Wednesday, April 27, 2016
I am a surfer, photographer, and shark attack survivor from the island of Kaua'i. I am passionate about marine conservation, particularly what's going on with shark conservation and the rapid decline of shark stocks worldwide. I also feel a calling to help others overcome adversity, and enjoy being an outreach to other amputees and the adaptive/disabled community.
It's insane the amount of sharks needlessly killed, about 100 million a year. It is a completely unsustainable rate considering extinction is forever. As an apex predator, they play a invaluable role in our marine ecosystem. We need our oceans to be living and functioning, or our lives, regardless of on land or water, will become greatly affected over time.
As a fellow "island boy," President Barack Obama knows the importance of Aloha 'Aina (love of the land) and he has done a lot for sharks since he took office. He signed the Shark Conservation Act of 2010 and has created huge marine protected areas in the Central Pacific that protect all species. The president has only a few more months left in office and there's a few more things he can do to protect threatened shark species here in Hawaii. Please sign this petition to ask President Obama to expand the Papahanaumokuakea Marine National Monument as proposed by prominent members of the Native Hawaiian community.
Research also shows that habitats within the existing monument support abundant Galapagos sharks (Carcharhinus galapagensis), tiger sharks (Galeocerdo cuvier), and grey reef sharks (Carcharhinus amblyrhinchos). These species, and others, have been shown to travel to the area of the proposed monument expansion. For example, a combination of fishing data and satellite and acoustic telemetry revealed tiger sharks swim thousands of kilometers along the Hawaiian chain and out into the open ocean, with individuals found more than 600 kilometers offshore.
By increasing the size of Papahanaumokuakea, these resident species, and other highly migratory sharks that frequent these waters can be protected. The value of large protected areas to sharks has been demonstrated, and expanded protection in this area will be of benefit to multiple threatened shark species.

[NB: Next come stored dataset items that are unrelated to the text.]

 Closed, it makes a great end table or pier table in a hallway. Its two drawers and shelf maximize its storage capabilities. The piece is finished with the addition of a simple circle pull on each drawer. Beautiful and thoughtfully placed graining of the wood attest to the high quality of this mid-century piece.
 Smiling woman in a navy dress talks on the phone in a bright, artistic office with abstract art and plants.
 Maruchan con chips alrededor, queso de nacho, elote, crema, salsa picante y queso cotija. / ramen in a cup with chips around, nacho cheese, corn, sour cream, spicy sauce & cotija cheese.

Please join me in encouraging President Obama to go big and expand the Papahanaumokuakea Marine National Monument according to the proposal put forward by the Native Hawaiian community! #GoBigObama #ExpandPMNM
Friday, April 22, 2016
|That's Angelo enjoying a shark dive|
The popularity and growth of shark dive tourism over the past decade is undeniable. Divers increasingly want to see sharks and are willing to pay well to have close encounters with these charismatic species. For a critically threatened group such as sharks, this is good news. “Over 100 million sharks die each year due to interactions with fisheries, “ reports Rick MacPherson, marine biologist, conservationist, and founder of the new online tool Sustainable Shark Diving “I believe a living shark showcased for tourism over its lifetime is better than a dead shark used once for its fins and meat,” says MacPherson. “I created sustainablesharkdiving.com as a free, open access portal for tourists and dive operators to help underscore the value of healthy shark populations to tourism as well as highlight best practices and lessons learned from shark dive operations around the world.” Dr Austin Gallagher, Postdoctoral Researcher at Carleton University and principal author of a ground-breaking 2015 global study of the shark diving industry, agrees, "The value of shark diving tourism to local economies and cultures has emerged as one of the leading arguments for the conservation of sharks around the world."

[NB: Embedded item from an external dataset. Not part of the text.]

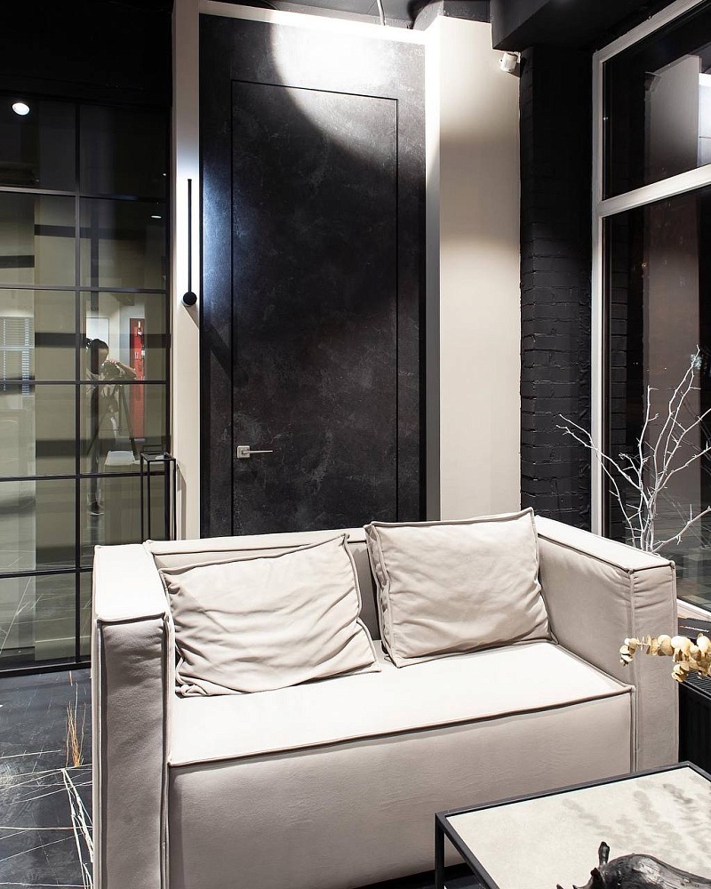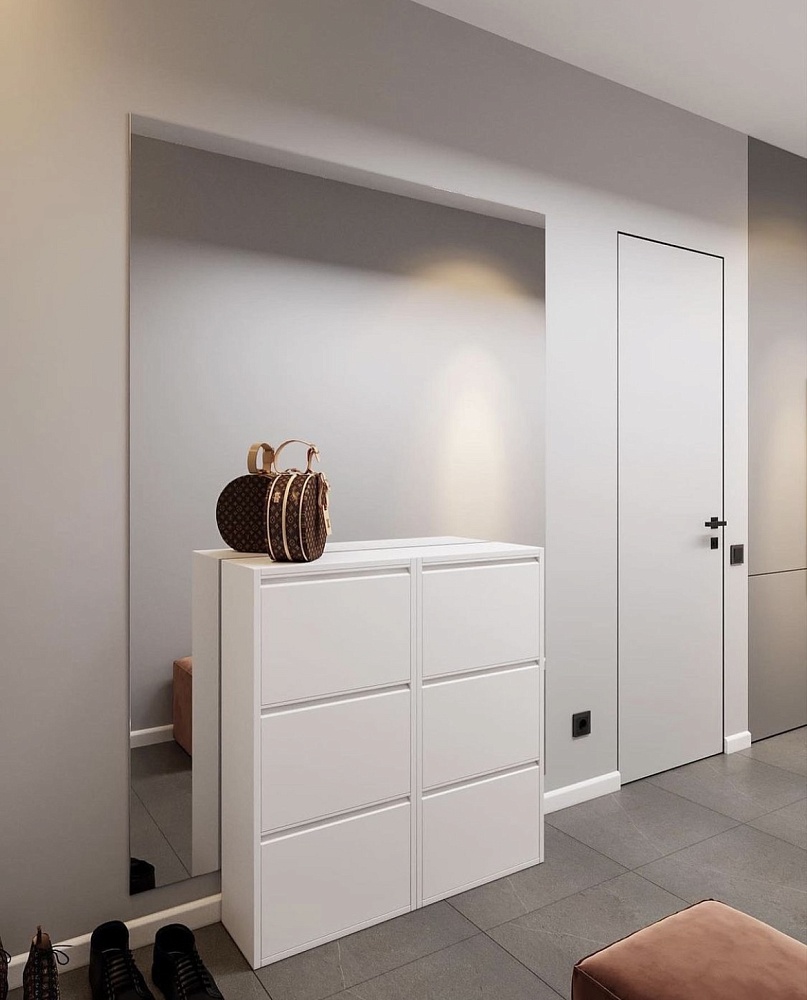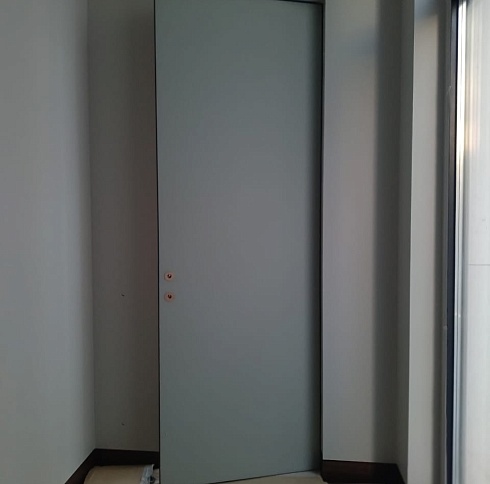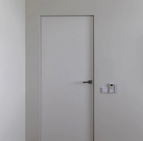 Дверь, которая растворится в дизайнерском пространстве. Универсальное решение - гладкое полотно со срытым коробом, обработанное белым грунтом.

The shark dive tourism industry has already taken note of the value of this new online tool. Jorge Loria, owner of Phantom Divers, a bull shark diving operation in Playa del Carmen, Mexico, believes this tool will help create a higher standard for the growing shark diving industry, “Diving with a sustainable business that is safe and educational results in a benefit to both divers and sharks because the more we know about sharks the better we can protect them.” Mike Neumann, owner of Beqa Adventure Divers in Fiji agrees: “This will be a game changer and a huge step towards propelling the shark diving industry towards a more long term sustainable model.”
Sustainable Shark Diving fills an industry need by providing a free, one-stop source for best safety and environmental practices and guidelines that have been established around the world for the viewing of sharks (and their flat cousins the rays). “Sustainable Shark Diving offers visitors a compilation of shark diving best practices and guidelines,” explains MacPherson. “You can search by shark species or by region. Whether you want to dive with white sharks, whale sharks, oceanic whitetip, bull, nurse, or any species, you will find the most currently accepted sustainability guidelines for that type of experience.”
Importantly, Sustainable Shark Diving features a Trip Advisor-like review section that allows divers to rate their experience with any shark dive operation against a set of sustainability criteria that includes safety, environmental performance, staff interactions, and overall educational/conservation value. "This tool has enormous potential to begin pushing the entire global industry closer to sustainability and accountability”, says Dr Gallagher. “By allowing the tourists themselves - the lifeblood of this and any tourism industry - to rank the performance, safety, and environmental ethics of operators around the world, the industry as a whole becomes more transparent and we can promote the good and hopefully phase out the bad."